Guinée : et si les raisons du retard des résultats des examens étaient ailleurs

Alors que dans beaucoup de pays l’heure est à la rentrée scolaire, en Guinée les résultats de certains examens de fin d’année sont toujours attendus. Devant ce retard, certains s’en prennent au ministre de l’Éducation nationale qu’ils qualifient d’incompétent. Comme si, dans un département ministériel, c’est le ministre en personne qui doit faire tout le travail. Un amalgame entre le ministère et le ministre.

En réalité, la nomination de M. Bano Barry a été une véritable incongruité dans la mesure où le chef de l’État devait savoir que cet intellectuel est devenu la bête noire de tous ceux dont les vivres ont été coupées par les reformes qu’il a menées dans l’enseignement supérieur. Voire dans l’enseignement tout court. Car les imbrications sont telles que tous les départements en charge de l’éducation ont été touchés par le nettoyage effectué par M. Barry.

Devant la démission de l’État, devenu la vache laitière de certains fonctionnaires, ces derniers avaient mis en place une mafia bien organisée. Le système consistait à dire que l’État est incapable de prendre en charge et de former tous les étudiants. Il fallait donc les orienter vers les privés. Paradoxalement c’est ce même État qui payait la formation des étudiants. Ce système mafieux avait fini par faire du privé l’État et l’État le privé.

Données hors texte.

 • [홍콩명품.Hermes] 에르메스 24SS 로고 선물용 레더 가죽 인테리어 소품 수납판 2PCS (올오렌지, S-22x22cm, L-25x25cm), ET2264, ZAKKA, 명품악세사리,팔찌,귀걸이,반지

Il ne fallait pas être un expert pour constater le conflit d’intérêt entre fondateurs des universités privées et fonctionnaires du département en charge de l’enseignement supérieur. L’État était devenu comme un père qui, se disant pauvre, confie ses enfants à un autre. Mais en même temps il doit dépenser ses enfants plus que s’ils étaient restés à la maison. Alpha Condé s’en était rendu compte. Il a cherché la personne qui devait poser le bon diagnostic et prescrire le bon remède.

En acceptant de mission périlleuse, l’universitaire avait pris un risque. Celui de provoquer les courroux de tous ceux dont l’intérêt serait menacé par cette réforme courageuse voire suicidaire. Devenu la bête noire de la plupart de ses anciens collègues, celui qui a osé mettre fin à cette mafia devait être tout sauf un ministre de l’Éducation nationale. Pace qu’il est dans un environnement très hostile.

Lorsqu’un ministre est entouré par des personnes qui rament à contrecourant, il va de soi que son département sera contre performant. Comme c’est le cas du ministère de l’Éducation nationale. Il ne s’agit pas de dédouaner un ministre et de justifier un retard inacceptable et injustifiable. Mais il s’agit de faire une lecture objective de la situation. Vous ne pouvez pas mettre une personne dans un environnement hostile voire agressif et espérer obtenir des résultats.

Pour le moment le ministre est consolé par le soutien du chef de l’État. Mais, tôt ou tard le système aura raison de lui. Avec la coalition de ceux dont les vivres ont été coupées et ceux qui estiment que le ministre n’a jamais mouillé le maillot pour le part, ce dernier a très peu de chance de rester longtemps à son poste. Comme beaucoup d’autres, il finira par tomber. Mais à la différence des autres, il aura au moins essayé d’assumer ses responsabilités, comme l’atteste la récente suspension d’un responsable de son département.

Actuellement le topo consiste à prouver à Alpha Condé qu’il a misé sur un mauvais cheval. Et l’amener à s’en débarrasser. Malheureusement parfois l’opinion publique joue le jeu du système mafieux en clouant au pilori le ministre. Sans savoir les tenants et les aboutissants du retard des résultats des examens de fin d’année. Ce dont il s’agit ici c’est l’avenir de tout un pays. Le ministre passera mais le pays restera.

Depuis l’organisation des examens jusqu’à la publication de résultats il y a un sabotage. Les réseaux sociaux ont été mis à contribution pour discréditer l’organisation des examens. Or, les Guinéens doivent savoir que rares sont les enfants de nos dirigeants qui étudient dans nos écoles. En sabotant le système éducatif nous faisons moins mal à Bano Barry qu’aux enfants de Guinée. Raison pour laquelle tous doivent œuvrer pour la crédibilité et l’efficacité de notre enseignement.